**Action item:** Your output should match the listing below word for word, without any images.

Recorded data section start

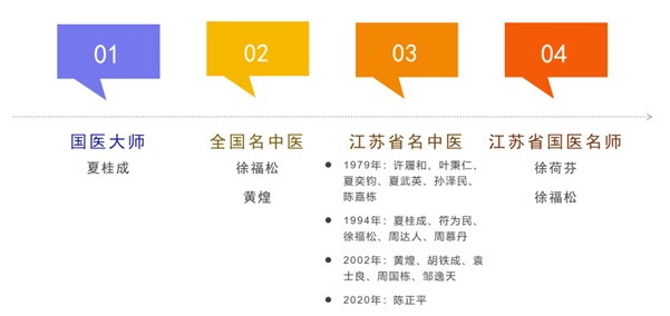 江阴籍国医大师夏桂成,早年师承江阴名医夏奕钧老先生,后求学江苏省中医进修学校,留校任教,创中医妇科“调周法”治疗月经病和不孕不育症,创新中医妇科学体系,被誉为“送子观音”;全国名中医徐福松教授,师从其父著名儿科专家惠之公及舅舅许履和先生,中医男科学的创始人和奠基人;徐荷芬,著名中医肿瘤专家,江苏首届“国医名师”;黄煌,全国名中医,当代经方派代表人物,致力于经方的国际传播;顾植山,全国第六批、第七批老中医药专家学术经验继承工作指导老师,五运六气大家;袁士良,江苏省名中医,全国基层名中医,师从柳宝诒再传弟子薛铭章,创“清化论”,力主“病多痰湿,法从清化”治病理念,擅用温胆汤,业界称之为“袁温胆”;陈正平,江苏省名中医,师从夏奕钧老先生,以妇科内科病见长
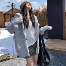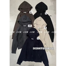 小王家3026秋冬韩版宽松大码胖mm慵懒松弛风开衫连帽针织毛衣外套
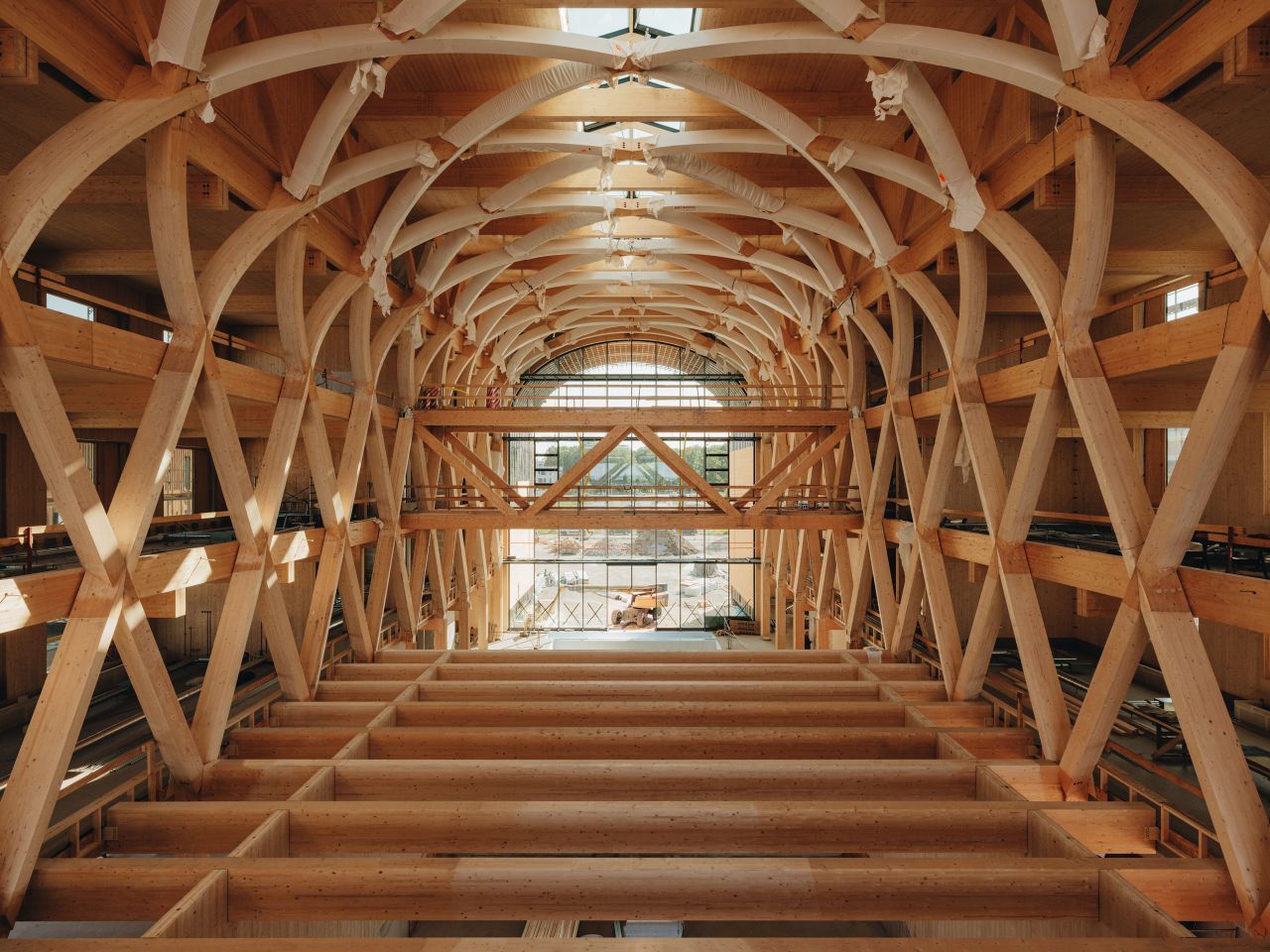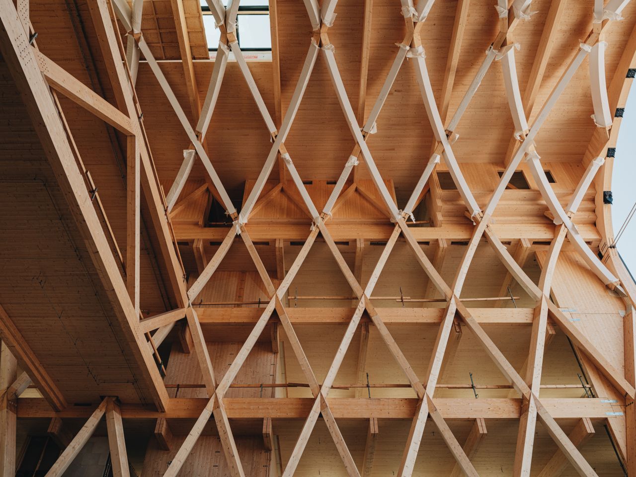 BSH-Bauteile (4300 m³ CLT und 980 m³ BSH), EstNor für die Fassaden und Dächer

Recorded data section end

**Your response:**
 江阴籍国医大师夏桂成,早年师承江阴名医夏奕钧老先生,后求学江苏省中医进修学校,留校任教,创中医妇科“调周法”治疗月经病和不孕不育症,创新中医妇科学体系,被誉为“送子观音”;全国名中医徐福松教授,师从其父著名儿科专家惠之公及舅舅许履和先生,中医男科学的创始人和奠基人;徐荷芬,著名中医肿瘤专家,江苏首届“国医名师”;黄煌,全国名中医,当代经方派代表人物,致力于经方的国际传播;顾植山,全国第六批、第七批老中医药专家学术经验继承工作指导老师,五运六气大家;袁士良,江苏省名中医,全国基层名中医,师从柳宝诒再传弟子薛铭章,创“清化论”,力主“病多痰湿,法从清化”治病理念,擅用温胆汤,业界称之为“袁温胆”;陈正平,江苏省名中医,师从夏奕钧老先生,以妇科内科病见长
 小王家3026秋冬韩版宽松大码胖mm慵懒松弛风开衫连帽针织毛衣外套
 BSH-Bauteile (4300 m³ CLT und 980 m³ BSH), EstNor für die Fassaden und Dächer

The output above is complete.